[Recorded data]
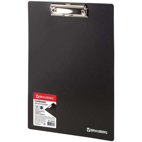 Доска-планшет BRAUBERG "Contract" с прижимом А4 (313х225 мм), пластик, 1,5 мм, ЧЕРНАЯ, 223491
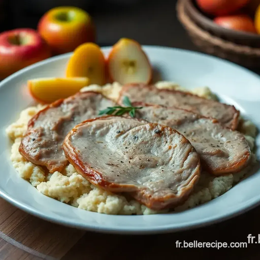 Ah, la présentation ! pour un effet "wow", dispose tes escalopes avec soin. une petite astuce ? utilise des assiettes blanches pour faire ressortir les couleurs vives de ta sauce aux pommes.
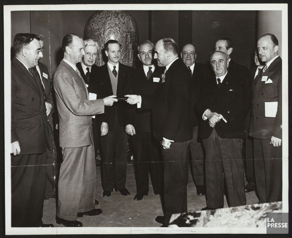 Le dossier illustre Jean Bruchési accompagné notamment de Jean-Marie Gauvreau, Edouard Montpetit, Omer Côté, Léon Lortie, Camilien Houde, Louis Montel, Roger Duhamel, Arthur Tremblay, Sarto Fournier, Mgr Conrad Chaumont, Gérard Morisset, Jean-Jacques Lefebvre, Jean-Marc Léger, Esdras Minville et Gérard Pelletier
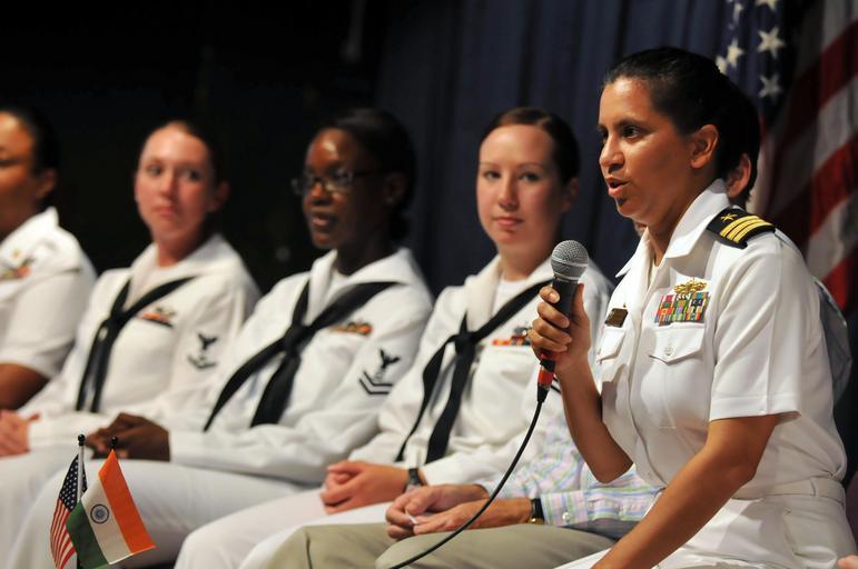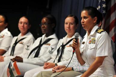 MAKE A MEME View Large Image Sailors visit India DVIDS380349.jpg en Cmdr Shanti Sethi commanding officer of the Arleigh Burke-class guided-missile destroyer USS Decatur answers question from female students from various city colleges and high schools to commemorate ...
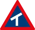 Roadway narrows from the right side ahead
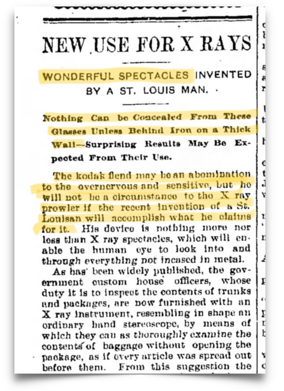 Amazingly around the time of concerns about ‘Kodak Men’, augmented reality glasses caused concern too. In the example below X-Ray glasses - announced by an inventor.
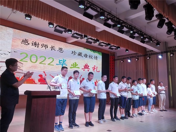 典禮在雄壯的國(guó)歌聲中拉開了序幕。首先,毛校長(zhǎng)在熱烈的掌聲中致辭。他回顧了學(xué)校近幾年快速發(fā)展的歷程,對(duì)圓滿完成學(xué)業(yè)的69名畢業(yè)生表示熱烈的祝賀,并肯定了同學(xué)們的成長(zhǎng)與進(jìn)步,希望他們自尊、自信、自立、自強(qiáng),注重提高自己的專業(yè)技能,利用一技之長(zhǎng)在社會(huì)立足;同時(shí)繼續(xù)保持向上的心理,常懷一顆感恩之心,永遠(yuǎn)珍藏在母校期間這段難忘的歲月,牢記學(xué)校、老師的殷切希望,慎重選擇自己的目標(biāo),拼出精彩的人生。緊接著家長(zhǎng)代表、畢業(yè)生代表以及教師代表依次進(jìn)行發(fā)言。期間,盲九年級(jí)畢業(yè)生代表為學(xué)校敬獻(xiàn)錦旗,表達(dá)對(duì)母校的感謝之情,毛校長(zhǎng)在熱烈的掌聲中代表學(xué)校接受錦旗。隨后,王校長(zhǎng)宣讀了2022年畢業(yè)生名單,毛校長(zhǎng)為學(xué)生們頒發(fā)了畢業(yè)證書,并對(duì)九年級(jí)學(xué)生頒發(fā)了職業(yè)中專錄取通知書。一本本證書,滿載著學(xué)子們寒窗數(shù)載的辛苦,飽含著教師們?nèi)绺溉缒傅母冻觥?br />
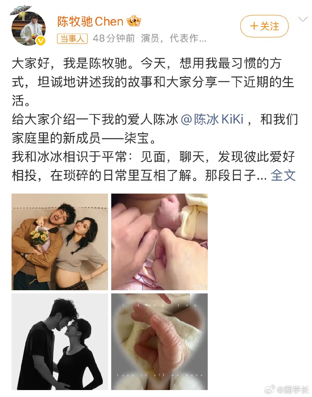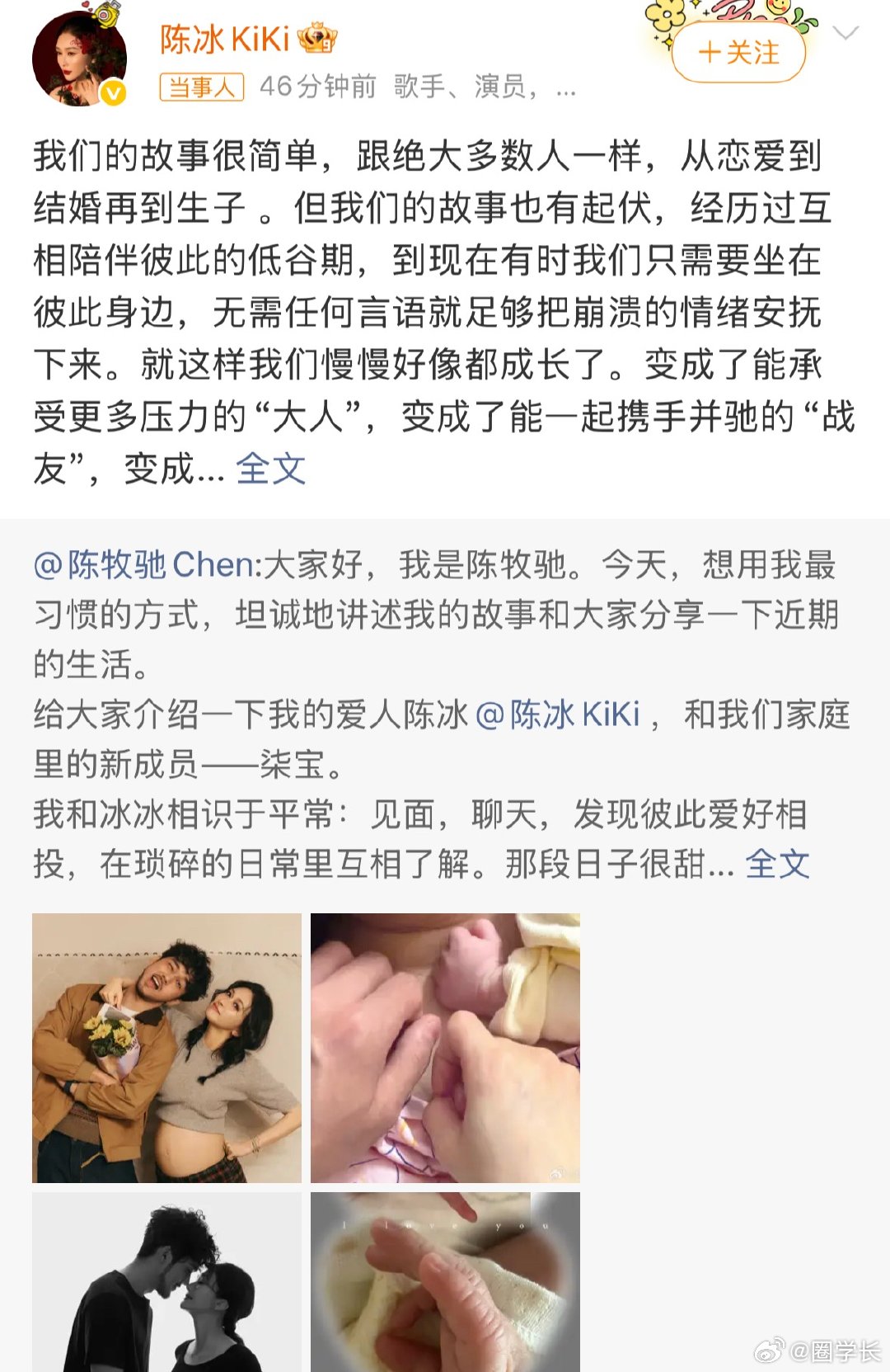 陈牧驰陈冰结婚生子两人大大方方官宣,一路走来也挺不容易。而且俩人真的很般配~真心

◆ YOUR INSTRUCTIONS:
Every entry above needs to be printed again exactly, with its pictures left out.

◆ RESULT FOR THIS TASK:
 Доска-планшет BRAUBERG "Contract" с прижимом А4 (313х225 мм), пластик, 1,5 мм, ЧЕРНАЯ, 223491
 Ah, la présentation ! pour un effet "wow", dispose tes escalopes avec soin. une petite astuce ? utilise des assiettes blanches pour faire ressortir les couleurs vives de ta sauce aux pommes.
 Le dossier illustre Jean Bruchési accompagné notamment de Jean-Marie Gauvreau, Edouard Montpetit, Omer Côté, Léon Lortie, Camilien Houde, Louis Montel, Roger Duhamel, Arthur Tremblay, Sarto Fournier, Mgr Conrad Chaumont, Gérard Morisset, Jean-Jacques Lefebvre, Jean-Marc Léger, Esdras Minville et Gérard Pelletier
 MAKE A MEME View Large Image Sailors visit India DVIDS380349.jpg en Cmdr Shanti Sethi commanding officer of the Arleigh Burke-class guided-missile destroyer USS Decatur answers question from female students from various city colleges and high schools to commemorate ...
 Roadway narrows from the right side ahead
 Amazingly around the time of concerns about ‘Kodak Men’, augmented reality glasses caused concern too. In the example below X-Ray glasses - announced by an inventor.
 典禮在雄壯的國(guó)歌聲中拉開了序幕。首先,毛校長(zhǎng)在熱烈的掌聲中致辭。他回顧了學(xué)校近幾年快速發(fā)展的歷程,對(duì)圓滿完成學(xué)業(yè)的69名畢業(yè)生表示熱烈的祝賀,并肯定了同學(xué)們的成長(zhǎng)與進(jìn)步,希望他們自尊、自信、自立、自強(qiáng),注重提高自己的專業(yè)技能,利用一技之長(zhǎng)在社會(huì)立足;同時(shí)繼續(xù)保持向上的心理,常懷一顆感恩之心,永遠(yuǎn)珍藏在母校期間這段難忘的歲月,牢記學(xué)校、老師的殷切希望,慎重選擇自己的目標(biāo),拼出精彩的人生。緊接著家長(zhǎng)代表、畢業(yè)生代表以及教師代表依次進(jìn)行發(fā)言。期間,盲九年級(jí)畢業(yè)生代表為學(xué)校敬獻(xiàn)錦旗,表達(dá)對(duì)母校的感謝之情,毛校長(zhǎng)在熱烈的掌聲中代表學(xué)校接受錦旗。隨后,王校長(zhǎng)宣讀了2022年畢業(yè)生名單,毛校長(zhǎng)為學(xué)生們頒發(fā)了畢業(yè)證書,并對(duì)九年級(jí)學(xué)生頒發(fā)了職業(yè)中專錄取通知書。一本本證書,滿載著學(xué)子們寒窗數(shù)載的辛苦,飽含著教師們?nèi)绺溉缒傅母冻觥?br />
 陈牧驰陈冰结婚生子两人大大方方官宣,一路走来也挺不容易。而且俩人真的很般配~真心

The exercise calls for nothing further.